But... could it do it without leaving a trace of itself or its entry? It couldn't. Look what happened to that Nova:

It pretty much totaled the car
. There would have been zero doubt looking at that Nova what happened to it, I bet. People wouldn't have been looking for a guy in a turban driving a phantom Kenworth.... This post, to an astronomy group long before the TWA investigation has closed, expresses some skepticism about the meteorite theory and discusses the evidentiary difficulties. The author notes that "even if [a puncture] is found, a meteorite impact is still the least likely cause. A man-made object is still far more likely." At that time he had no way of knowing that no suspicious puncture would be found.

We don't have an aircraft known to have been downed by a celestial object for comparison, but the wreckage of aircraft known to have been downed by bombs (ex. PA103) and struck by missiles (three civil a/c I've seen the photos from are the two Air Rhodesia Viscounts and the DHL Airbus) have always had plenty of evidence of that damage.

Here's another list where a JPL scientist is addressing some of the shortcoming of the meteorite theory, in a polite discussion with a meteor-theory supporter. You may wish to read the whole thread. Early in the investigation, a letter writer to Scientific American led them to question several scientists, who come up with a split decision. They say car strikes happen from time to time: one guys says three times last century, one says five or ten in a decade. An aircraft strike is much less likely than a car strike -- maybe 1,000 times less likely -- but certainly not impossible.

Here are official links on TWA 800:

  1. TWA 800 NTSB Main Page

  2. The public hearing Agenda & Presentations.

  3. All the Exhibits.
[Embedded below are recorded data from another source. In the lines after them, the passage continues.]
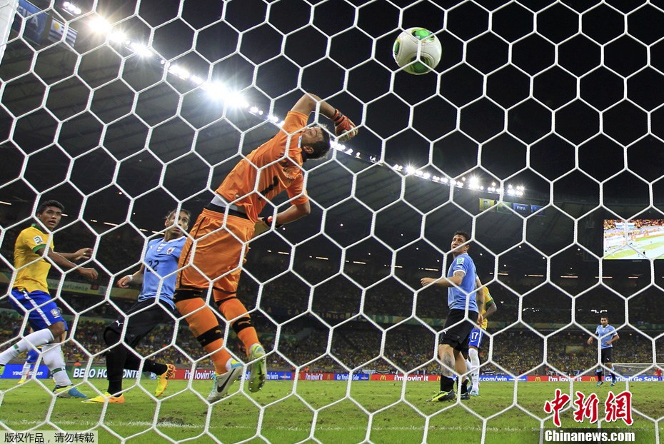 北京时间6月27日凌晨,联合会杯半决赛首场比赛在贝洛奥里藏特展开角逐,巴西2比1战胜乌拉圭,连续第3届杀进联合会杯决赛,同时这也是他们第5次进决赛,联合会杯连胜纪录扩大到11场。上半时,弗兰点球被塞萨尔扑出。此后,内马尔凌空吊射被扑出,弗雷德补射得手。下半时,卡瓦尼扳平比分。第86分钟,内马尔角球助攻保利尼奥绝杀。
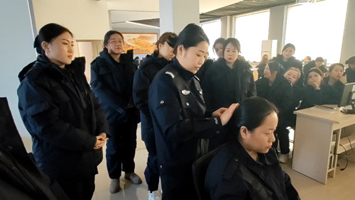 長(zhǎng)春保安集團(tuán)銀盾保安培訓(xùn)學(xué)校教官,結(jié)合安檢員崗位職責(zé),從行為禮儀、消防安全、應(yīng)急處突、隊(duì)列訓(xùn)練等方面嚴(yán)作風(fēng),強(qiáng)業(yè)務(wù),塑形象,從每一個(gè)細(xì)節(jié)入手,耐心講解示范,嚴(yán)抓細(xì)扣,切實(shí)規(guī)范隊(duì)伍秩序和能力,讓學(xué)員學(xué)有標(biāo)桿,練有標(biāo)準(zhǔn)。
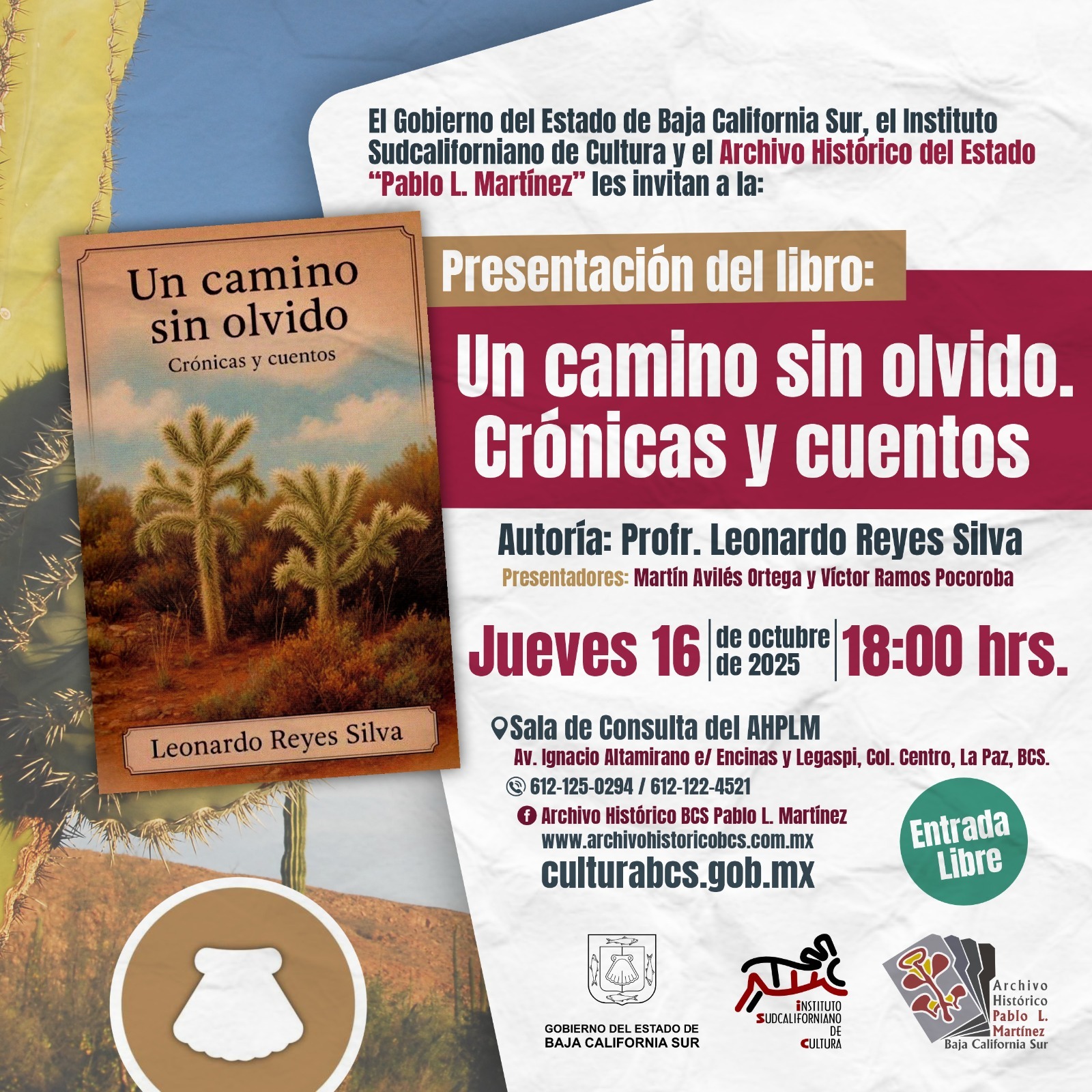 El Gobierno del Estado de Baja California Sur, el Instituto Sudcaliforniano de Cultura y el Archivo Histórico del Estado de Baja California Sur "Pablo L. Martínez", les invitamos a la:
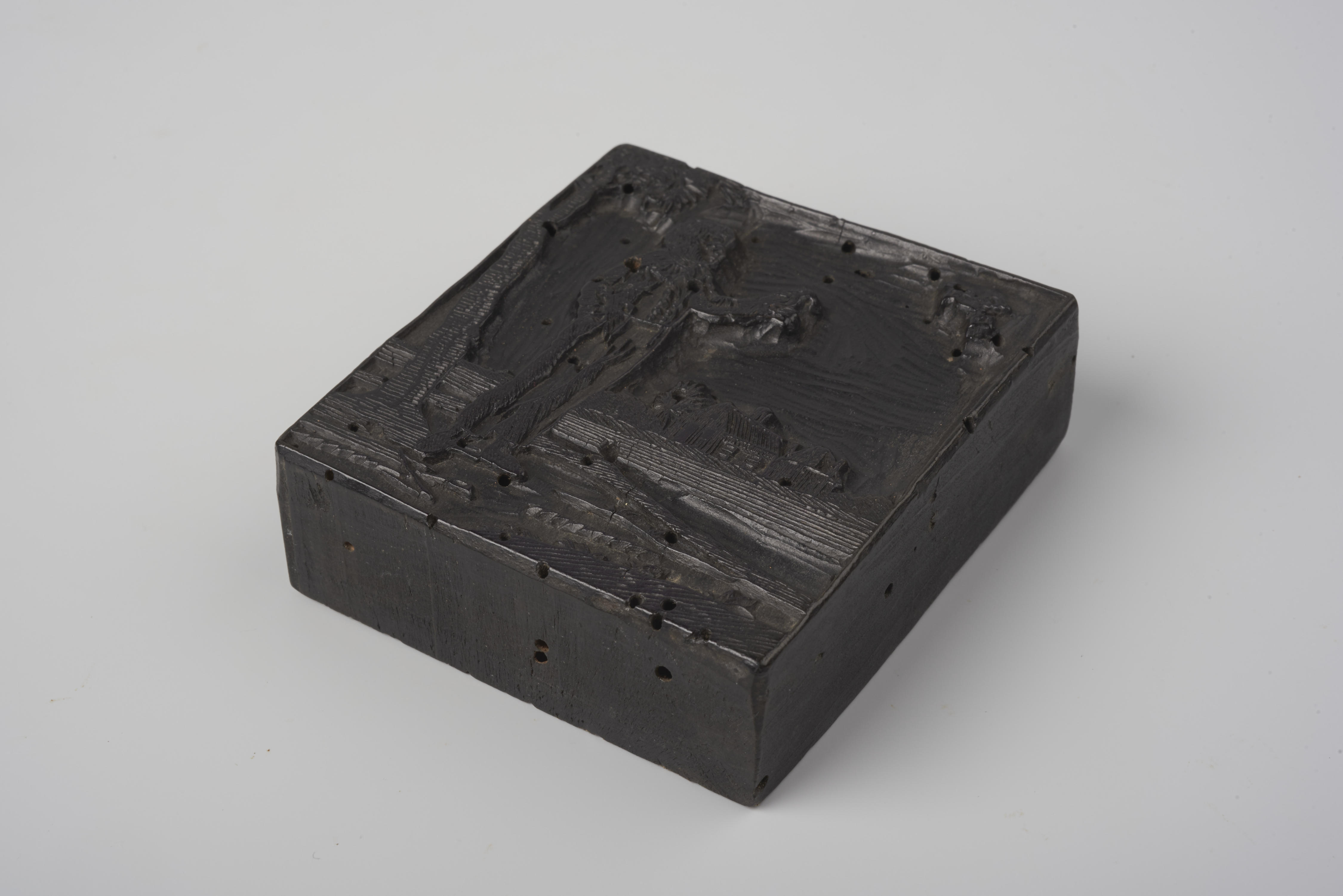 Houten cliché met de voorstelling van een jongen met een vogel op de hand en een vogel in de lucht.
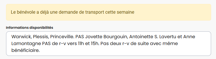 Nous avons ajouter la possibilité de mettre un note sur les disponibilités du bénévole. Cette note affiche chaque fois qu'un bénévole est sélectionné dans une demande de transport.
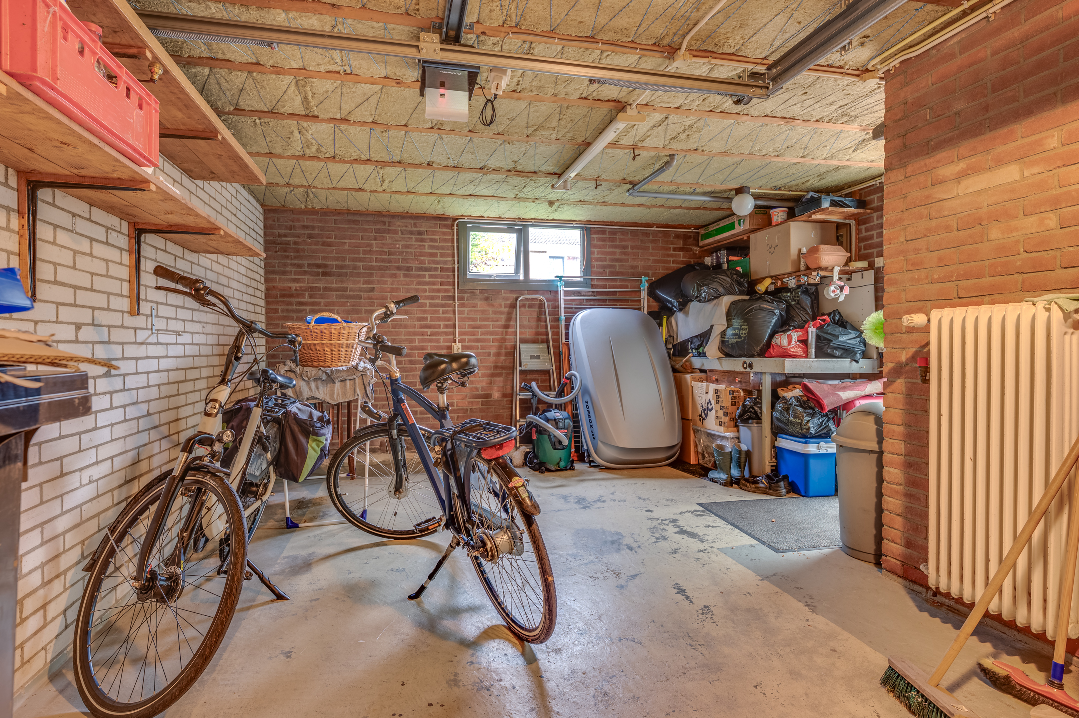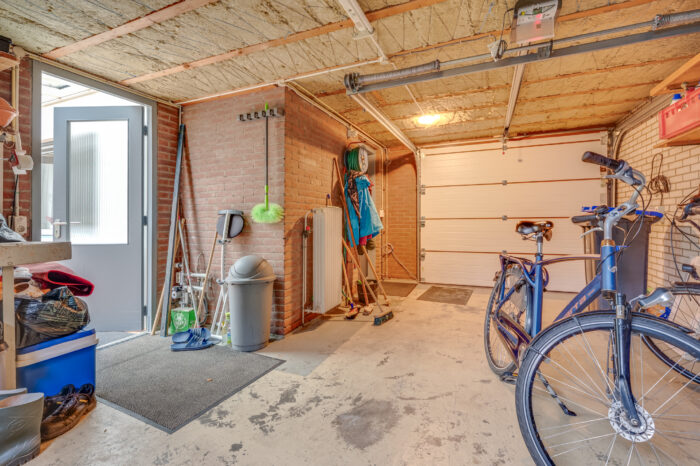 De garage is aangebouwd aan de woning en is zowel van binnenuit bereikbaar via de hal, als via de elektrische geïsoleerde garagedeur aan de voorzijde. Het is een royale garage met ruimte voor zowel opslag als het parkeren van een auto. De garage is voorzien van dakisolatie, elektriciteit en water, en hier bevindt zich ook de pomp voor de vloerverwarming. Aan de achterzijde zit een kiepraam, wat zorgt voor daglicht en ventilatie. Daarnaast is er een deur naar de serre, waardoor je gemakkelijk toegang hebt tot de tuin.

You can also get these on CD-ROM for $5 if you have a slow connexion. (Important note: I have been all through this trying to find the meteorite annex I read before. It is on the table of contents for the CD, but it isn't on the website any more! At least not at this address. But I know I found that .pdf at ntsb.gov. So I will keep looking. I could find the one I've got archived, but IMHO it is more trustworthy coming from an official source).

  4. This interesting series of reports from an av-savvy journalist attending the hearings. Pay particular attention to Day 3's events. (the complete transcript of the hearings is at the previously-provided NTSB link).

That should give you some interesting reading. Bottom line: a meteor strike on an aircraft in flight is possible but extremely improbable. One that gets in and blows up the plane from inside out without leaving its mark from outside in is even more so.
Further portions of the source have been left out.